Legislative Finance Committee analyst Linda Kehoe told lawmakers they would have about $485 million available to meet all capital requests.

A detailed assessment of which projects merit funding will be made public later this month or in early January. Legislators looked over a confidential draft on Friday.

Rock-bottom crude oil prices in particular are squeezing government revenue.



An estimated $140 million will be available for capital projects from bonds underwritten by severance taxes that are linked closely to oil and natural gas production. Last year’s estimate was $199 million.

Amid the squeeze on spending, government watchdogs want the state to reconsider the way it selects and pays for public works projects.

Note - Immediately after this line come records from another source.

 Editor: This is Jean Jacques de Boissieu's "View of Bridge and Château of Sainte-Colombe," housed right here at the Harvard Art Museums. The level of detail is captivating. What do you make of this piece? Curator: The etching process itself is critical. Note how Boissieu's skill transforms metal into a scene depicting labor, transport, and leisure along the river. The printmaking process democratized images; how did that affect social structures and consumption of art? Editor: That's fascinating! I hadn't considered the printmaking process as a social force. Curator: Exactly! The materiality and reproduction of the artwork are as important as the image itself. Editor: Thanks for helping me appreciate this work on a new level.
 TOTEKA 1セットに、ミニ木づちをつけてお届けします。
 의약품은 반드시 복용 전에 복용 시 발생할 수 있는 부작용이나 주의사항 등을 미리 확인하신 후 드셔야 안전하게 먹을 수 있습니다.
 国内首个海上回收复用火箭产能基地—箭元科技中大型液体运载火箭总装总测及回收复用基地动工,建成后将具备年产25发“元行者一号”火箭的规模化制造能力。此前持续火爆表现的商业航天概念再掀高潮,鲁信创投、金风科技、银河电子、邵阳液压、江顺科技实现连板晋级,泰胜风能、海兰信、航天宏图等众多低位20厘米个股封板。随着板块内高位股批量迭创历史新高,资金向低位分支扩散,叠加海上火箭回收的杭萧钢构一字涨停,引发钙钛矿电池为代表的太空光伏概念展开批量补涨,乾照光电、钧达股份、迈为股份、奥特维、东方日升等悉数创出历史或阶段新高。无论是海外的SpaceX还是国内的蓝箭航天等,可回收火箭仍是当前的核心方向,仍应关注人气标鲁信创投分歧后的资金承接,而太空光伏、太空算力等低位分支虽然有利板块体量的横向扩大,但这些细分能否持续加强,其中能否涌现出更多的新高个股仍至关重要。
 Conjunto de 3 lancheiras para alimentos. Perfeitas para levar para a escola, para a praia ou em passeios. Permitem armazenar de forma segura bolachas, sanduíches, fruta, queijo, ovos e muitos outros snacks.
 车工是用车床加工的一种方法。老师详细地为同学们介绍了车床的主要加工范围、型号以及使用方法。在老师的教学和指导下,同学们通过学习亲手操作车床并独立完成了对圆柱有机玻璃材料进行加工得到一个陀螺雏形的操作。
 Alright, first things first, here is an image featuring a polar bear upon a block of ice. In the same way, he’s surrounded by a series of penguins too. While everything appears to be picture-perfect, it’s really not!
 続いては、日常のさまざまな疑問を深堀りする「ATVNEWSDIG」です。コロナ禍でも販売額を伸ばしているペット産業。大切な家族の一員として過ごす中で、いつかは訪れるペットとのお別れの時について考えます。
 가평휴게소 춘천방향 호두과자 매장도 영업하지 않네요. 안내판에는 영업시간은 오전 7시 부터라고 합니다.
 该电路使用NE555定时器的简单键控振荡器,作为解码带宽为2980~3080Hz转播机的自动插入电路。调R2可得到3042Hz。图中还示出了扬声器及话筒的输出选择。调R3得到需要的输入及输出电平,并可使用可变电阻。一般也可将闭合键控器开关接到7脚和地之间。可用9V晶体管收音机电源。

Legislative analysts have identified more than $1 billion in funds that went unspent for projects approved since 2011.

Rep. Larry Larranaga, R-Albuquerque, placed the blame on lawmakers for not rescinding commitments to stalled construction projects.

“We get criticized a lot for a lot of money sitting out there … that’s not being put to work,” he said. “There is an IRS law that says if you don’t put that money to work, you know, you get penalized. But we don’t do that in our own shop. We don’t do anything about it.”

Sen. John Arthur Smith, D-Deming, also expressed frustration about money stranded by unfinished projects.

“We’re going to pick up the papers after we complete our work in the legislative session,” he said, “and two years down the road we are going to be looking at some of these (building) additions that haven’t even been started yet.”

The state expects to be able to tap $187 million from general obligation bonds linked to property values - without raising taxes - to finance the next round of infrastructure projects.

Voters will have the final say on any capital projects funded through general obligation bonds in the November 2016 general election. Lawmakers will consider as many as five ballot measures for senior centers, libraries, college facilities, public schools and prison facilities.

For bond measures approved by voters, funds become available at the start of 2017.